Por: Tita Pretti | 3 anos atrás

Passando pela Praça Ângelo Piazera, você com certeza já comeu um lanche feito pelo Antônio Maicá Siqueira. Talvez você não saiba, mas esse é o nome do famoso “Gaúcho do Crepes”, que toca o ponto que salva a vida dos esfomeados há 21 anos.

Desde 1994, Antônio cuida do "Crepes da Praça", com a ajuda do filho Murilo e de toda a família

Desde 1994, Antônio cuida do “Crepes da Praça”, com a ajuda do filho Murilo e de toda a família

Apesar de se definir como um “gaúcho bagual” (como chamam no Rio Grande do Sul os homens estúpidos e insensíveis com as palavras), nada disso é o que vem à tona quando ele verdadeiramente abre o coração.

Tive a sorte e o privilégio de ter um encontro transparente e emocionante com ele. E o que escutei foi uma daquelas histórias que serve de exemplo pra correr atrás dos sonhos, todos os dias.

Nascido em Cacequi , pequena cidade do centro-oeste do Rio Grande do Sul, “Tonico” (como é chamado pela família) partiu com a família para Cruz Alta, aos 2 anos de idade, e depois para Bagé, aos 15 anos. As mudanças de cidade aconteceram porque o pai, ferroviário, era constantemente transferido.

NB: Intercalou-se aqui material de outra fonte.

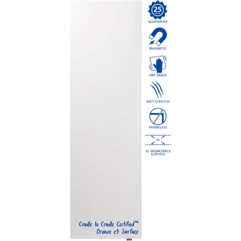 Hochwertiges rahmenloses und kratzfestes Whiteboard für langfristige und intensive Nutzung. Beschreibbar mit trocken abwischbaren Whiteboardmarkern. Magnetische Oberfläche aus emailliertem e3-Keramikstahl, Cradle to Cradle Certified™, Bronze-Level. Das rahmenlose Design ermöglicht die Kombination verschiedener WALL-UP-Tafeln. Für die senkrechte Montage. Lieferung mit Montageset, Montageanleitung und Hinweisen zur Reinigung.

Mesmo tendo crescido em uma família de classe média, o gaúcho decidiu começar a trabalhar precocemente, aos 12 anos. O emprego já exigia de Tonico a habilidade com as mãos. Foi em uma oficina de latoaria, que ele aprendeu a consertar carros danificados por capotamentos ou batidas. Antes empregado, aprendeu tudo o que podia e decidiu abrir sua própria latoaria aos 15 anos de idade.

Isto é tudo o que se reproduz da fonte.